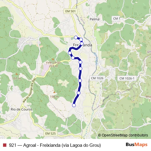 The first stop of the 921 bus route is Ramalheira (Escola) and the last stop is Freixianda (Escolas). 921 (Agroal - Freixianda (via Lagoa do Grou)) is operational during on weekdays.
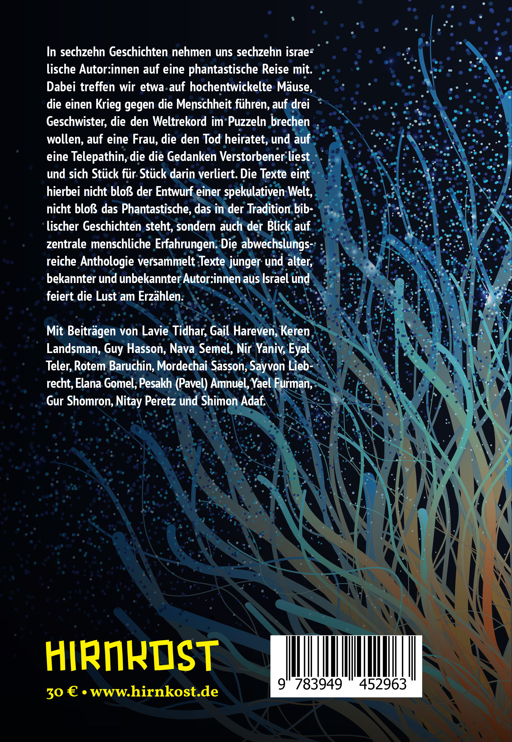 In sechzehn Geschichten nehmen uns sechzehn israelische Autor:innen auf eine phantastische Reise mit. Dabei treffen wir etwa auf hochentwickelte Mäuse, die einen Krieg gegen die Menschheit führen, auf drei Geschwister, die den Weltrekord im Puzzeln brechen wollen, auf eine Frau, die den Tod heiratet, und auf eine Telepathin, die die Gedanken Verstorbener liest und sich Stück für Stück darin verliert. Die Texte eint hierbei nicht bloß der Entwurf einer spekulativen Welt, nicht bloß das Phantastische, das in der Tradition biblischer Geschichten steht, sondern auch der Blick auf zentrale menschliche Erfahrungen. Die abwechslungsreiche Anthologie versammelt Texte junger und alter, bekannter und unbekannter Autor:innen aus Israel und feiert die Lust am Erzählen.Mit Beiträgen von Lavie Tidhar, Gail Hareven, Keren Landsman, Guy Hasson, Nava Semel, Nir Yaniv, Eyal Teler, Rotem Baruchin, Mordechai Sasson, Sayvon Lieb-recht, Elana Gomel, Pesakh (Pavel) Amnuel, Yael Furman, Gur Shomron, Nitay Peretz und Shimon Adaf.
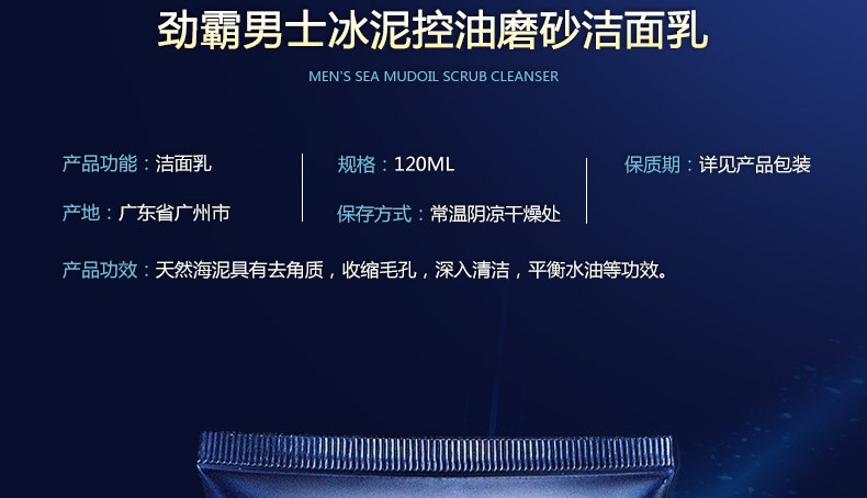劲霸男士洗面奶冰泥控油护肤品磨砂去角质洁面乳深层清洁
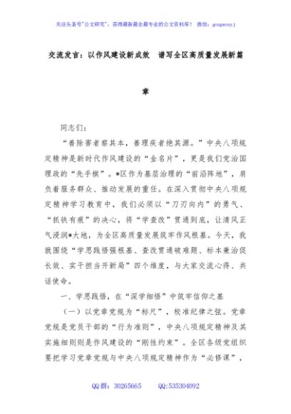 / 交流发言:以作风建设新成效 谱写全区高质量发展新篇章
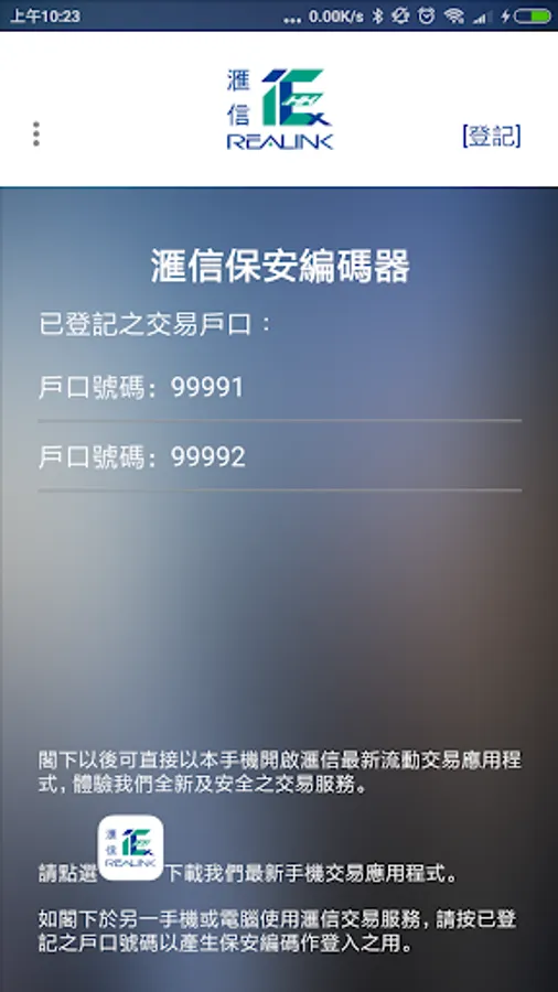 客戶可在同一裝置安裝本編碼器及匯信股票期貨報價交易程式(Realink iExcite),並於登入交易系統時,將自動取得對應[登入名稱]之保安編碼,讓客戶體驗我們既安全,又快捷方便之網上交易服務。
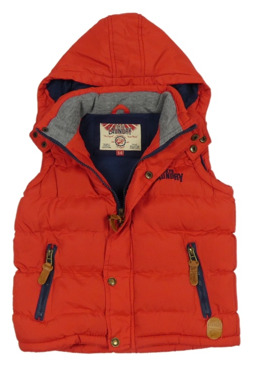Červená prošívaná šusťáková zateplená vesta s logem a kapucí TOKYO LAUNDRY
===
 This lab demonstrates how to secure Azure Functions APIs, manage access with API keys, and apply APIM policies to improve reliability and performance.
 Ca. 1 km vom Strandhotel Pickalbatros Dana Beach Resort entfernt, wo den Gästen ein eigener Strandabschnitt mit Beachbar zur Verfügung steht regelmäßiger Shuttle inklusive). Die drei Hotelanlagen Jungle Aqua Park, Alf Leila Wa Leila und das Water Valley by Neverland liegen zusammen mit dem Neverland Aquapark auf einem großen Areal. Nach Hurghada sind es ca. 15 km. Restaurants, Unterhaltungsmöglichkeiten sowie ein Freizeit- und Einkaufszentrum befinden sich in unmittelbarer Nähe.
===
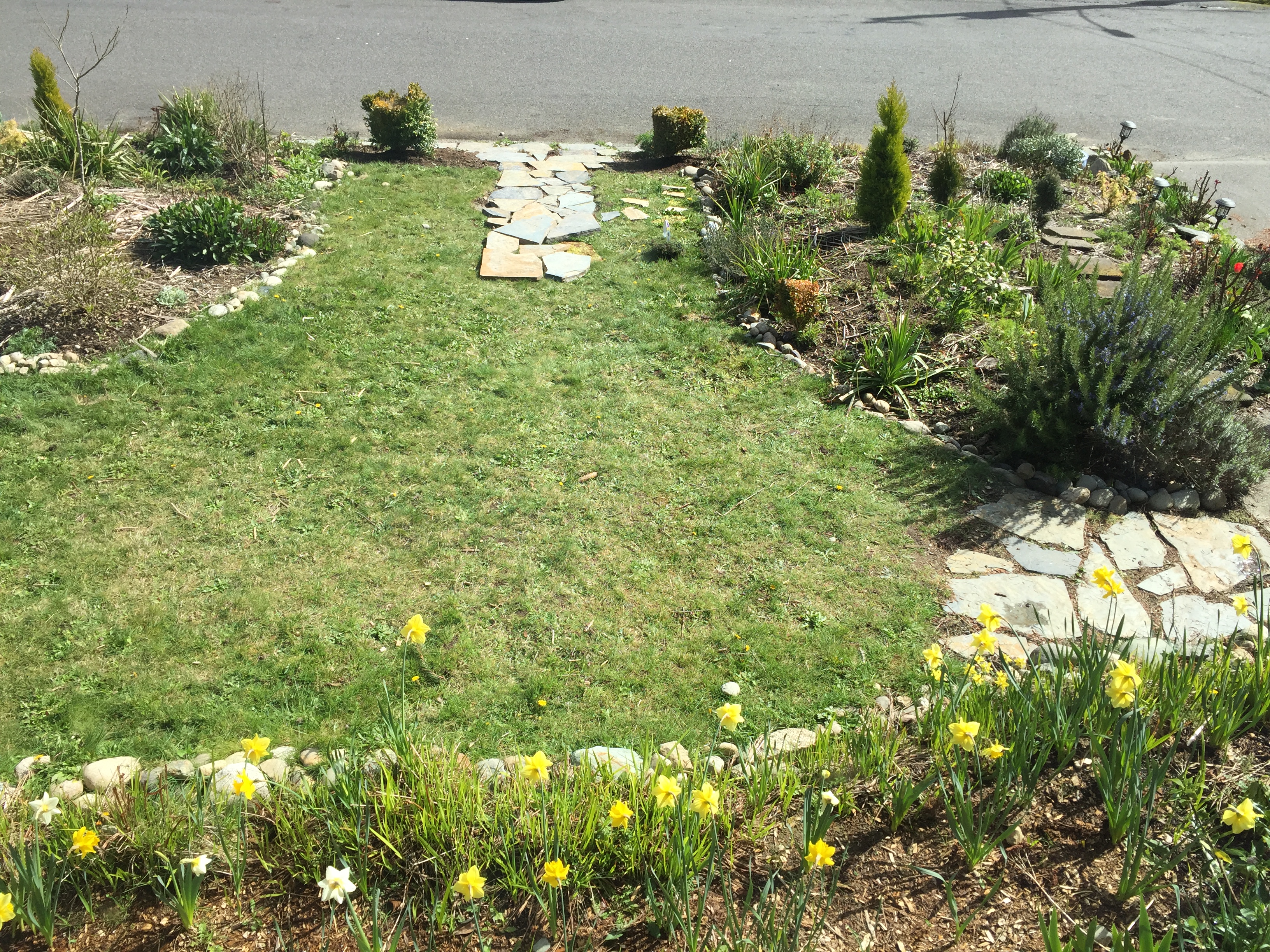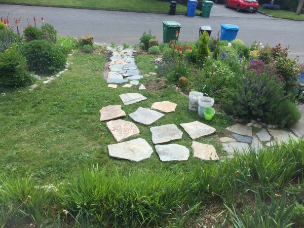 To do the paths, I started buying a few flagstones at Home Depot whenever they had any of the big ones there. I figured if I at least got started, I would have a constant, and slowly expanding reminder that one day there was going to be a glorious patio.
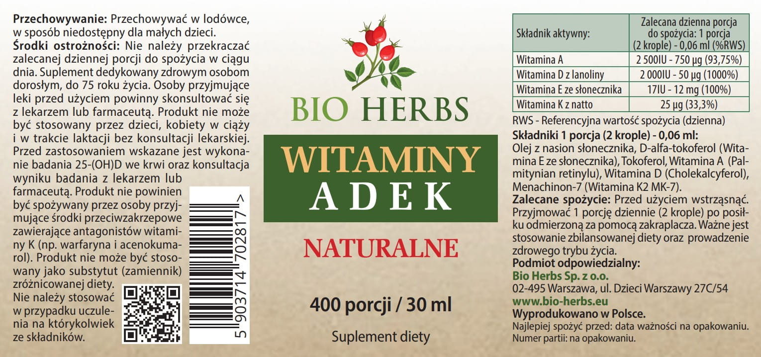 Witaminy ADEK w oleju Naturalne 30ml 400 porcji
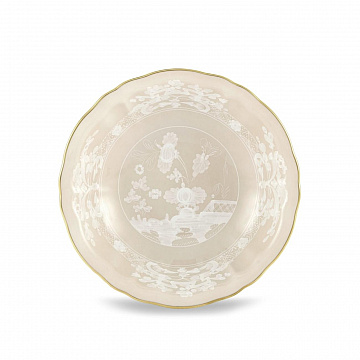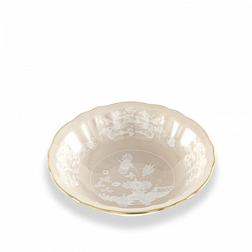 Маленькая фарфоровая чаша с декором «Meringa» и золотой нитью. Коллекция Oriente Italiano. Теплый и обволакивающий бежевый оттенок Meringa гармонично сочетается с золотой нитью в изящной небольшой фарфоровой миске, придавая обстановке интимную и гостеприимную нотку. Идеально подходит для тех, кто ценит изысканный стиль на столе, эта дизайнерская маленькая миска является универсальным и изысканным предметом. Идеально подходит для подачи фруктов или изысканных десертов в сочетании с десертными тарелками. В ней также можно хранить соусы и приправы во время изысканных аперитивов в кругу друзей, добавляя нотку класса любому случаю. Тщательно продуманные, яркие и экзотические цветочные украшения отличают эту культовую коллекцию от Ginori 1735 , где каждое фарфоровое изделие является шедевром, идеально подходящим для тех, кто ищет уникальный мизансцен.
===
ABOUT THIS EXERCISE: Reproduce word for word the material above, beginning with the line that contains "This lab demonstrates" and ending with the line that contains "Ca. 1 km vom".

RESULT:
 This lab demonstrates how to secure Azure Functions APIs, manage access with API keys, and apply APIM policies to improve reliability and performance.
 Ca. 1 km vom Strandhotel Pickalbatros Dana Beach Resort entfernt, wo den Gästen ein eigener Strandabschnitt mit Beachbar zur Verfügung steht regelmäßiger Shuttle inklusive). Die drei Hotelanlagen Jungle Aqua Park, Alf Leila Wa Leila und das Water Valley by Neverland liegen zusammen mit dem Neverland Aquapark auf einem großen Areal. Nach Hurghada sind es ca. 15 km. Restaurants, Unterhaltungsmöglichkeiten sowie ein Freizeit- und Einkaufszentrum befinden sich in unmittelbarer Nähe.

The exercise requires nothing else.